Quentin wriggled and twisted his fingers as the Beast flailed and sputtered in his fight with the moths. The distraction was working better than Fogg had hoped, but would it be good enough?

It was. At last, Quentin summoned the dark and spinning hole in spacetime. Fogg added his power to Quentin's, making the vortex larger, more powerful. The wind howled.

"Stop!" Quentin said. "We won't be able to control it!"

"That's the idea," Fogg said.

Suddenly, Quentin gasped, blood ran from his mouth, and he fell to the floor. Somehow, the Beast had mastered the moth spell, using the hungry insects to cover himself.

But the Beast was too late.

The vortex took hold of both Fogg and the Beast, sweeping them up into its realm of eternal darkness.

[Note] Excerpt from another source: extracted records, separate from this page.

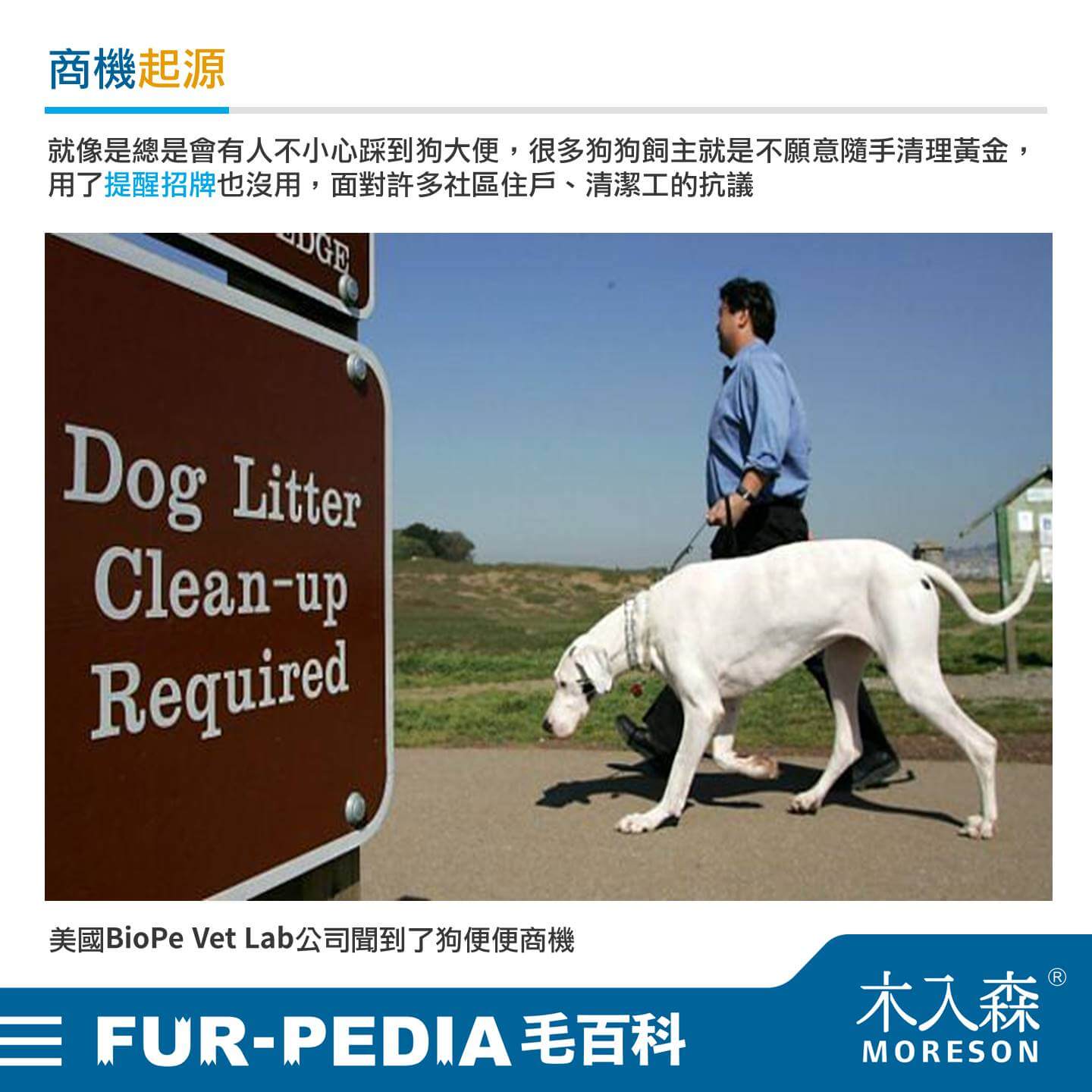 就像是總是會有人不小心踩到狗大便,很多狗狗飼主就是不願意隨手清理黃金,用了提醒招牌也沒用,面對許多社區住戶、清潔工的抗議,美國BioPe Vet Lab公司聞到了狗便便商機。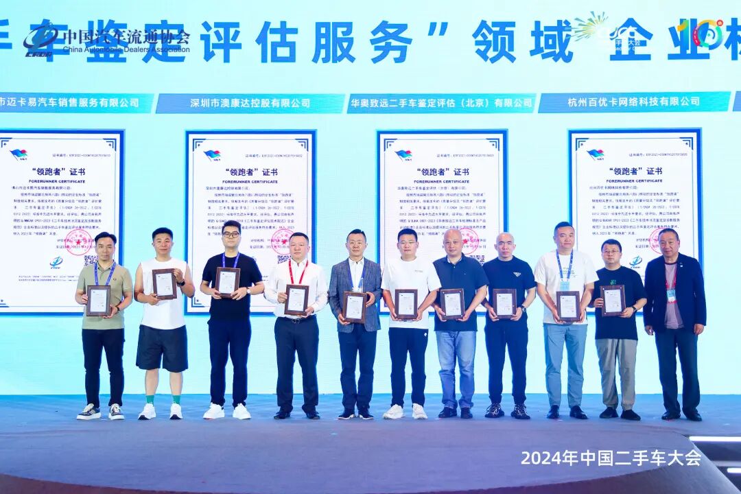 论坛揭晓了经过层层筛选,最终脱颖而出的10家2023年度“二手车鉴定评估服务”企业标准“领跑者”,他们分别是:深圳市澳康达控股有限公司、华奥致远二手车鉴定评估(北京)有限公司、佛山市迈卡易汽车销售服务有限公司、北京精真估信息技术有限公司;中质研(北京)标准化服务有限公司;杭州百优卡网络科技有限公司;安徽明鑫商业运营管理集团有限公司;广州晓波严选汽车服务有限公司;山西卡乃驰壹加壹汽车销售服务有限公司;太原大林好车汽车销售服务有限公司,他们代表了二手车行业的最高标准和规范,同时也为二手车市场的透明化、规范化树立了标杆。中国汽车流通协会会长沈进军为以上企业颁发企业标准“领跑者”证书。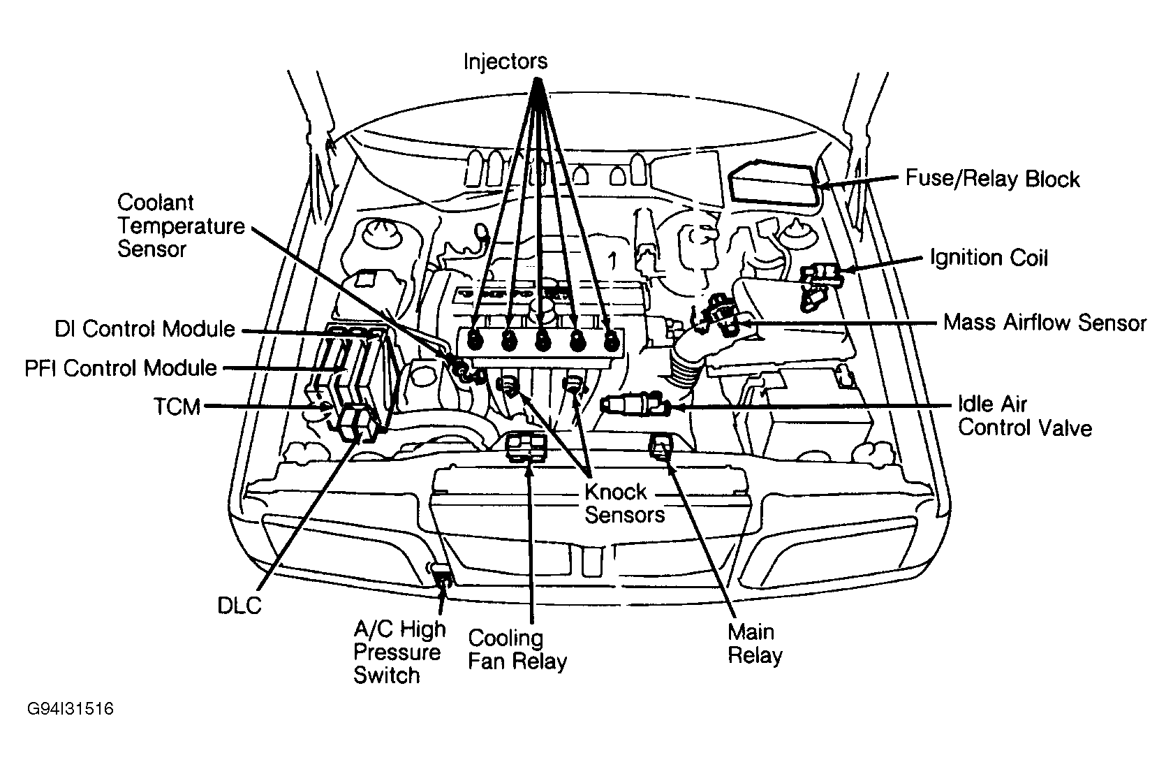 Diagnostic unit in front of right strut tower #2 for injecor test #6 for ignition push button for 1 sec no more than 3 sec LED will flash. There will be 3 sec interval between flashes so flash, flash pause flash, pause flash, flash=212

They tumbled together, weightless in the black.

"Now you die, painfully and slowly," the Beast howled.

"It's okay," Fogg said. "No one will see us ever again."

The Beast looked around. He gestured, attempting to open a portal. He failed. "No," he said. He tried again. Nothing.

Fogg smiled. The last part was up to Jane Chatwin. All she had to do was to forego casting the spell to restart the timeline and let the events of this one stand. All she had to do was nothing, just as Fogg had done when he'd found out what Plover was doing to Martin.

"I'm sorry I failed you, Martin. I want you to know that," Fogg said.

The Beast gestured. Pain tore at Fogg's insides. Death came quicker than he expected.